TASK INSTRUCTIONS:
Produce a word-for-word copy of the lines from the one that contains "สพจ. มุกดาหาร มีนโยบาย" to the final line of the data below, with all pictures dropped.

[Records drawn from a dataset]
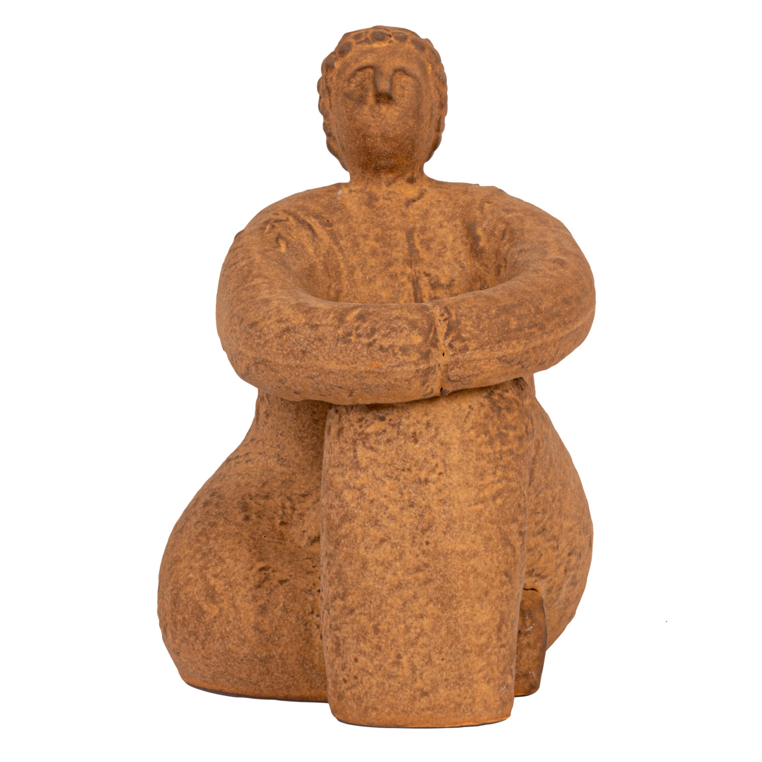 Catalog Name: 4-1/4"L x 3-3/4"W x 5-3/4"H Stoneware Sitting Woman Sculpture, Reactive Glaze, Matte Terra-cotta Color (Each One Will Vary)
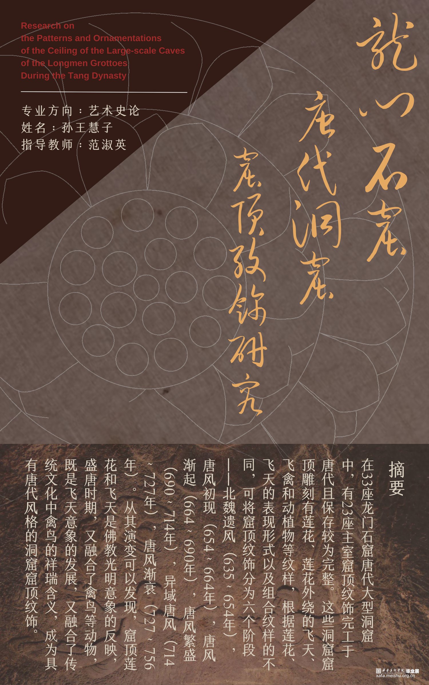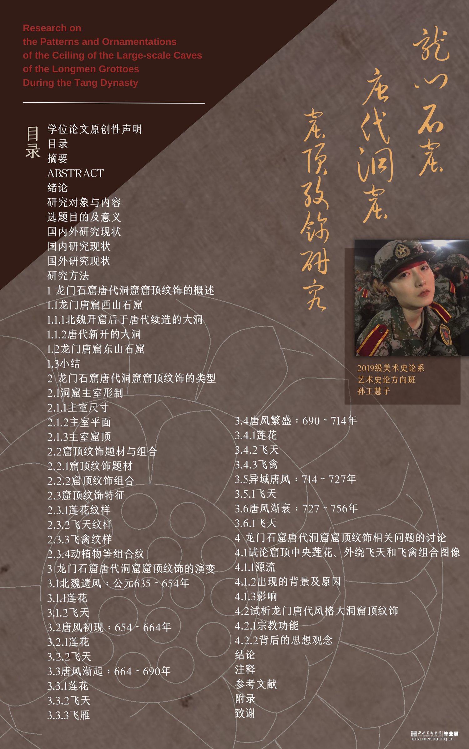 在33座龙门石窟唐代大型洞窟中,有23座主室窟顶纹饰完工于唐代且保存较为完整。这些洞窟窟顶雕刻有莲花、莲花外绕的飞天、飞禽和动植物等纹样,根据莲花、飞天的表现形式以及组合纹样的不同,可将窟顶纹饰分为六个阶段——北魏遗风(635~654年),唐风初现(654~664年),唐风渐起(664~690年),唐风繁盛(690~714年),异域唐风(704~727年),唐风渐衰(727~756年)。从其演变可以发现,窟顶莲花和飞天是佛教光明意象的反映,盛唐时期,又融合了禽鸟等动物,既是飞天意象的发展,又融合了传统文化
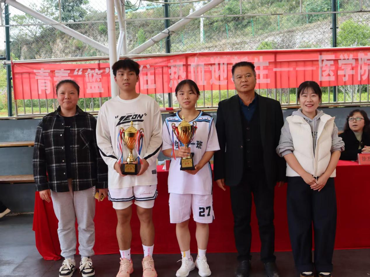 赛场上,球员们身姿矫健、攻防有序,投篮与进球一气呵成,每一次默契配合都引发全场欢呼。女子组中,243康复三班凭借稳定发挥与顽强斗志蝉联冠军,253检验一班奋勇追赶,最终获得亚军;男子组较量同样精彩,243临床四班一路过关斩将,成功摘得冠军奖杯,243临床一班则以出色表现荣获亚军。
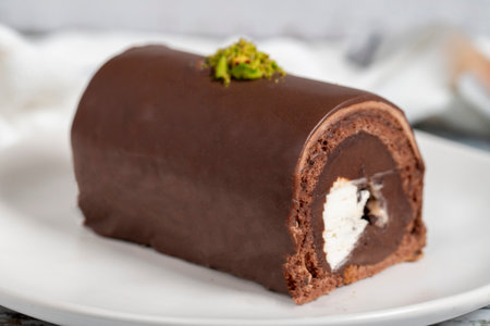 Chocolate roll with fresh cream on a white plate and wooden background
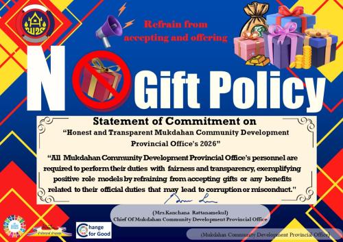 สพจ. มุกดาหาร มีนโยบาย “ไม่” รับของขวัญและของกำนัลทุกชนิดจากการปฏิบัติหน้าที่ (No Gift Policy) ประจำปีงบประมาณ พ.ศ. 2569 เพื่อเป็นการเสริมสร้างค่านิยมให้เกิดการประหยัด สร้างทัศนคติที่ถูกต้อง และป้องกันการเกิดผลประโยชน์ทับซ้อน
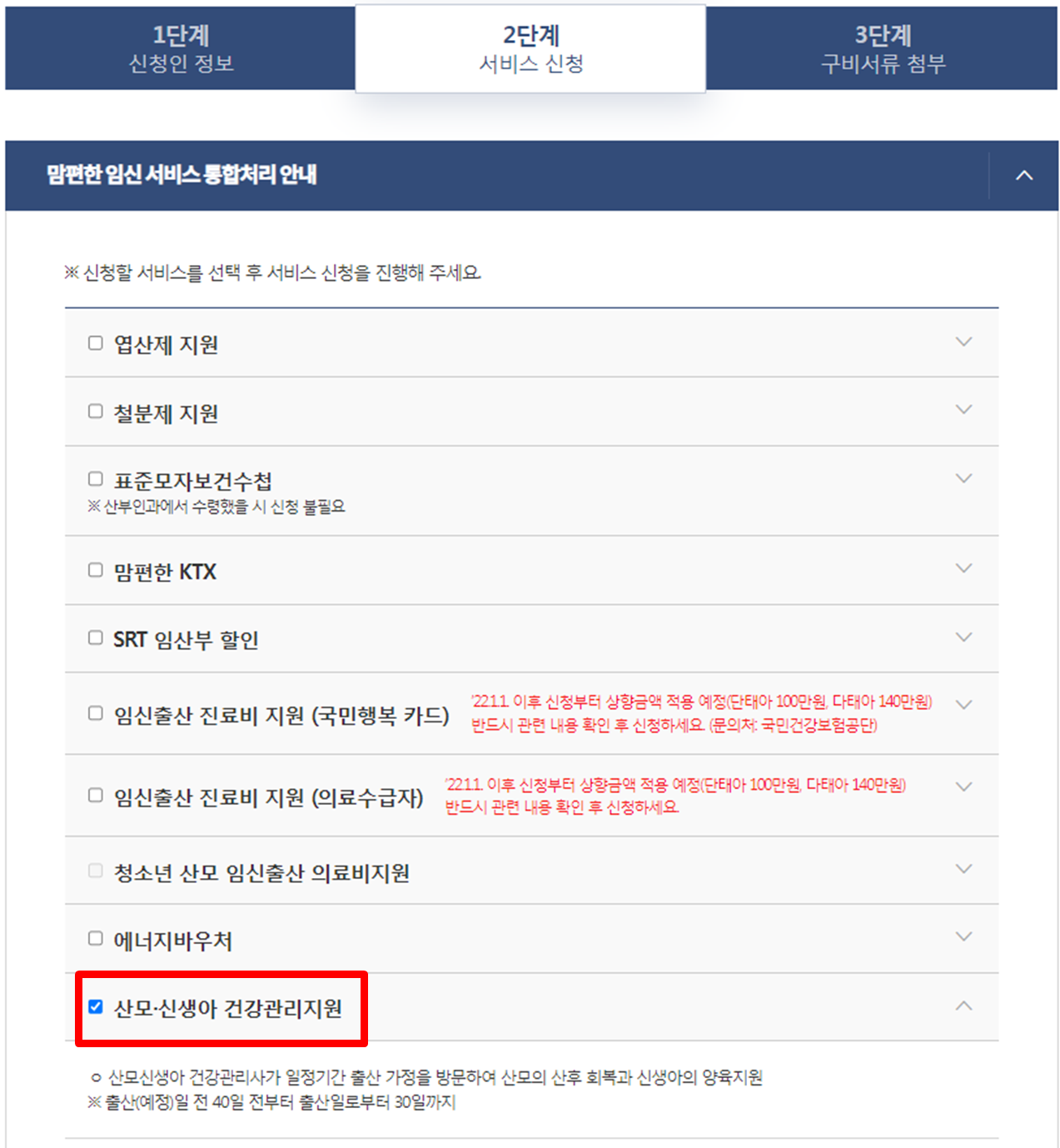 신청할 서비스를 선택해줍니다. 참고로 이건 정부 통합 서비스 신청이라, 지자체 서비스인 서울시 임산부 교통비지원 서비스는 이 선택지에 없습니다. 저는 하는 김에 정부지원 산후도우미 서비스도 함께 신청했습니다^^ 여러분도 필요한 서비스가 있다면 이 참에 한번에 신청하셔요~

SOLUTION:
 สพจ. มุกดาหาร มีนโยบาย “ไม่” รับของขวัญและของกำนัลทุกชนิดจากการปฏิบัติหน้าที่ (No Gift Policy) ประจำปีงบประมาณ พ.ศ. 2569 เพื่อเป็นการเสริมสร้างค่านิยมให้เกิดการประหยัด สร้างทัศนคติที่ถูกต้อง และป้องกันการเกิดผลประโยชน์ทับซ้อน
 신청할 서비스를 선택해줍니다. 참고로 이건 정부 통합 서비스 신청이라, 지자체 서비스인 서울시 임산부 교통비지원 서비스는 이 선택지에 없습니다. 저는 하는 김에 정부지원 산후도우미 서비스도 함께 신청했습니다^^ 여러분도 필요한 서비스가 있다면 이 참에 한번에 신청하셔요~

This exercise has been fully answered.